To the extent that indemnification for liabilities arising under the Securities Act may be permitted for our directors, officers and controlling persons, we have been advised that in the opinion of the SEC such indemnification is against public policy as expressed in the Securities Act and is, therefore, unenforceable.
Gryphon Gold Corporation was formed under the laws of the State of Nevada on April 24, 2003.
Our principal business offices are located at 390 Union Blvd., Suite 360, Lakewood, Colorado 80228, and our telephone number is 303-988-5777. We also have an administrative and financing office in Canada at Suite 810, 1130 West Pender Street, Vancouver, British Columbia, Canada V6E 4A4, and our telephone number there is 604-261-2229.
We own 100% of the issued and outstanding shares of our operating subsidiary, Borealis Mining Company. We have no other subsidiary. Borealis Mining Company was formed under the laws of the State of Nevada on June 5, 2003.
We were established as a private company in April 2003 by our two co-founders, Albert Matter and Allen Gordon, to acquire and develop gold properties in the United States. Our objective is to establish a producing gold company through the development and extraction of gold deposits.
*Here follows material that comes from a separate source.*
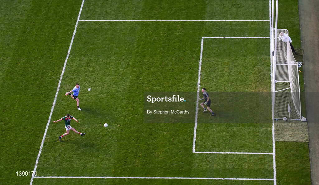 17 September 2017; Jason Doherty of Mayo has a shot on goal which was subsequently saved by Dublin goalkeeper Stephen Cluxton during the GAA Football All-Ireland Senior Championship Final match between Dublin and Mayo at Croke Park in Dublin. Photo by Stephen McCarthy/Sportsfile

In July 2003, through our wholly-owned subsidiary Borealis Mining, we acquired from Golden Phoenix an option to earn up to a 70% joint venture interest in the mining lease for the Borealis Property (July 2003 Option and Joint Venture Agreement) by making qualified development expenditures on that property.
In October 2003, we engaged Behre Dolbear & Company, Inc., mining consultants, to prepare a preliminary scoping study for the redevelopment of the Borealis Property. Behre Dolbear prepared a report entitled Preliminary Scoping Study dated June 7, 2004, which we refer to as the Behre Dolbear Report.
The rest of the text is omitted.